WHAT IS EXPECTED
Using the records below, write out only the lines from the line containing "These decorations are" up to and including the line containing "2022年019期牛彩网体彩P3画迷图谜汇总分享", exactly, with no pictures.

━━ TASK INPUT ━━

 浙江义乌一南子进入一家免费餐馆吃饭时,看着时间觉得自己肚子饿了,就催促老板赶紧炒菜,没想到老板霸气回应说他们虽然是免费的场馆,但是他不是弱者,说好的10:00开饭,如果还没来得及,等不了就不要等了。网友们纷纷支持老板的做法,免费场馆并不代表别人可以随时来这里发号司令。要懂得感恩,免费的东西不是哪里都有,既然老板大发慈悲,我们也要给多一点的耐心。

━━━
━━ TASK INPUT ━━

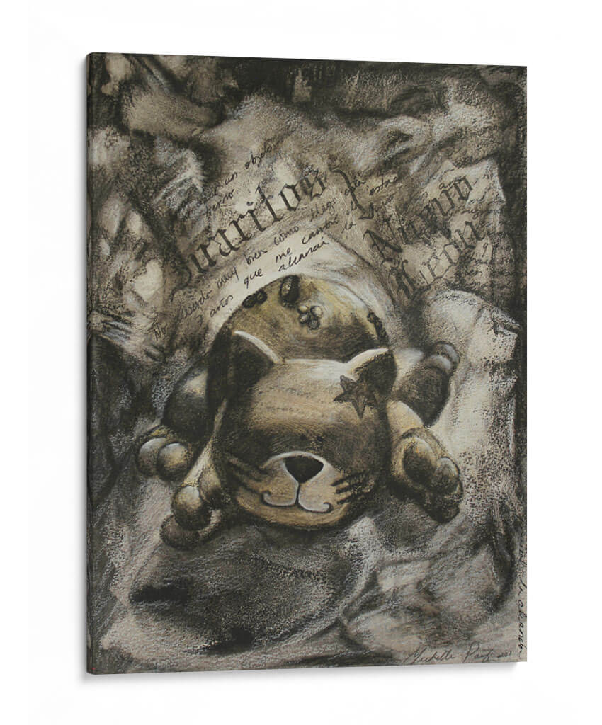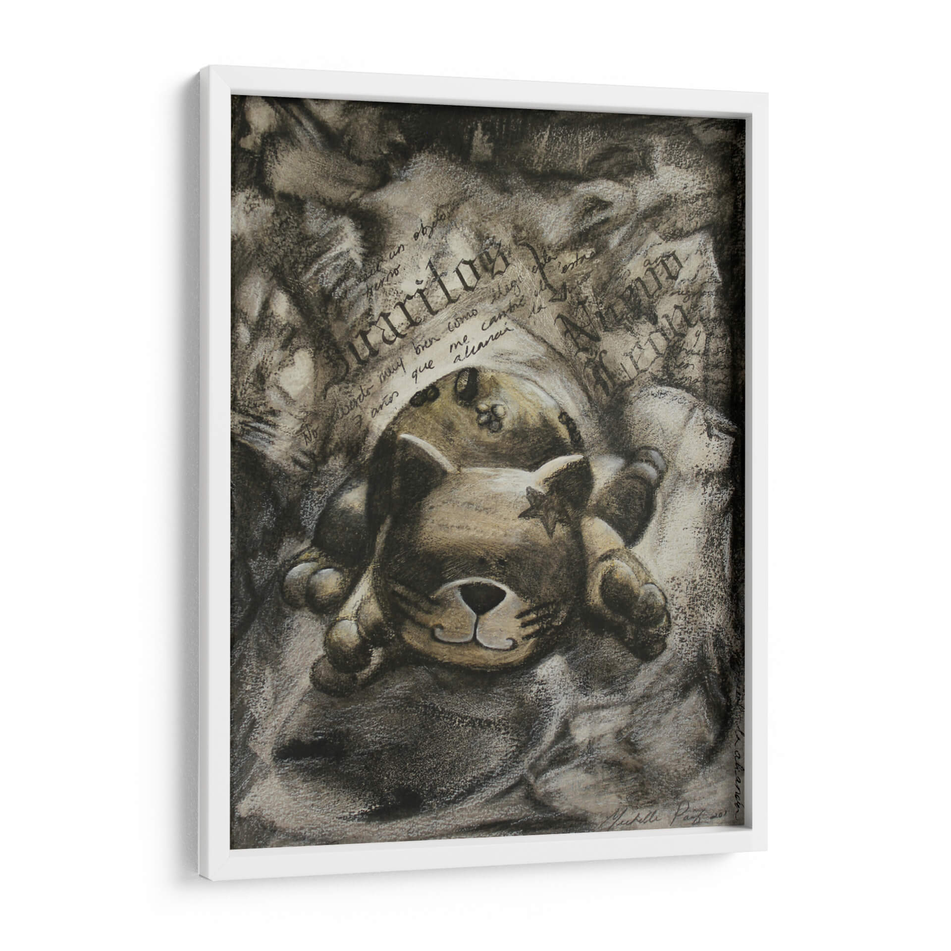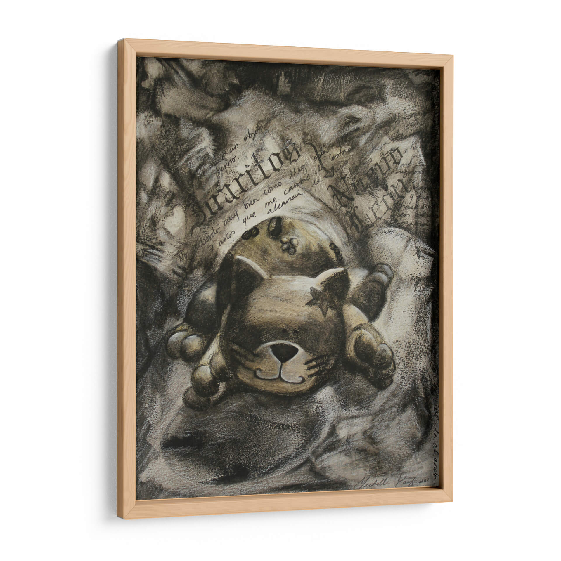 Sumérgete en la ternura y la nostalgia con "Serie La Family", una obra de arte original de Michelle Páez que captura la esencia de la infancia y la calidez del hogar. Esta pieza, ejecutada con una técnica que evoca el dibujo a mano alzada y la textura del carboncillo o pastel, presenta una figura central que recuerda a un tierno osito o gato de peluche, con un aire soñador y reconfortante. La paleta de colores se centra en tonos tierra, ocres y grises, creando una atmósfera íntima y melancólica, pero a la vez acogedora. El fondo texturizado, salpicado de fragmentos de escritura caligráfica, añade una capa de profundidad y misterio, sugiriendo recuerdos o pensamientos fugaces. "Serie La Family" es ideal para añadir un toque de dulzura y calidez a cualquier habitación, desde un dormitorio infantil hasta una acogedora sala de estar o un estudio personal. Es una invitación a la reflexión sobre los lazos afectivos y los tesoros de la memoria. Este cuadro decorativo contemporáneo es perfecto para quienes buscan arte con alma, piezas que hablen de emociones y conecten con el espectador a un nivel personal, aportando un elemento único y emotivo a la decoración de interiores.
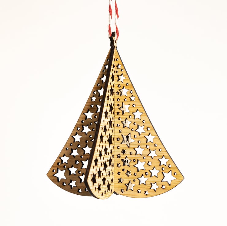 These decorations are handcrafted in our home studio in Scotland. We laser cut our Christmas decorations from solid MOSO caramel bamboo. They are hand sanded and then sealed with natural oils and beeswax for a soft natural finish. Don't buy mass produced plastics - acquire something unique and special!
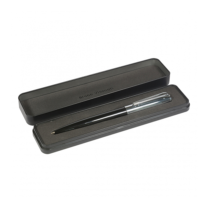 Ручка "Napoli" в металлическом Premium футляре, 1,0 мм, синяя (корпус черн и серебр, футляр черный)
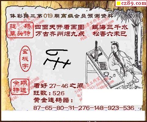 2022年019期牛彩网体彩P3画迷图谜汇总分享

━━━

COMPLETED EXERCISE
 These decorations are handcrafted in our home studio in Scotland. We laser cut our Christmas decorations from solid MOSO caramel bamboo. They are hand sanded and then sealed with natural oils and beeswax for a soft natural finish. Don't buy mass produced plastics - acquire something unique and special!
 Ручка "Napoli" в металлическом Premium футляре, 1,0 мм, синяя (корпус черн и серебр, футляр черный)
 2022年019期牛彩网体彩P3画迷图谜汇总分享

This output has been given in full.